\( X \) is a normally distributed random variable with mean 57 and standard deviation 9. What is the probability that \( X \) is between 48 and 84 ? Use the \( 0.68-0.95-0.997 \) rule and write your answer as a decimal. Round to the nearest thousandth if necessary.

To determine the probability that \( X \) is between 48 and 84, we'll use the **68-95-99.7 (Empirical) Rule** for normally distributed data.

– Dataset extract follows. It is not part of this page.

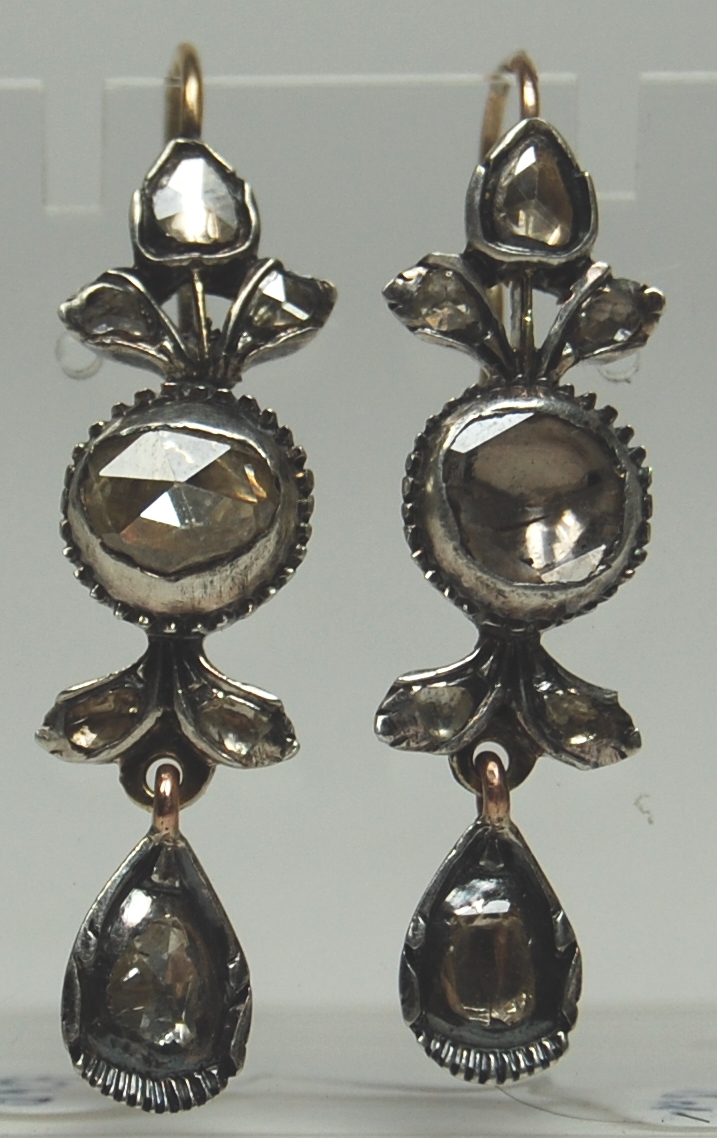 A pair of Georgian diamond pendant earrings,

Here's a step-by-step breakdown: 1. **Understand the Distribution:** - **Mean (\( \mu \))**: 57 - **Standard Deviation (\( \sigma \))**: 9 2. **Identify the Z-scores:** - **Lower Bound (48):** \[ Z = \frac{48 - 57}{9} = -1 \] - **Upper Bound (84):** \[ Z = \frac{84 - 57}{9} = 3 \] 3. **Apply the Empirical Rule:** - **Within 1 Standard Deviation (\( \mu \pm 1\sigma \)):** Approximately 68% of the data falls between 48 and 66. - **Within 3 Standard Deviations (\( \mu \pm 3\sigma \)):** Approximately 99.7% of the data falls between 30 and 84. 4. **Calculate the Desired Probability:** - **Probability below 84 (\( Z \leq 3 \)):** Approximately **99.7%** or **0.997**. - **Probability below 48 (\( Z \leq -1 \)):** Approximately **15.87%** or **0.1587**. To find the probability between 48 and 84: \[ P(48 \leq X \leq 84) = P(X \leq 84) - P(X \leq 48) = 0.997 - 0.1587 = 0.8383 \] 5. **Round to the Nearest Thousandth:** \[ P(48 \leq X \leq 84) \approx 0.838 \] **Final Answer:** The probability that \( X \) is between 48 and 84 is **0.839**.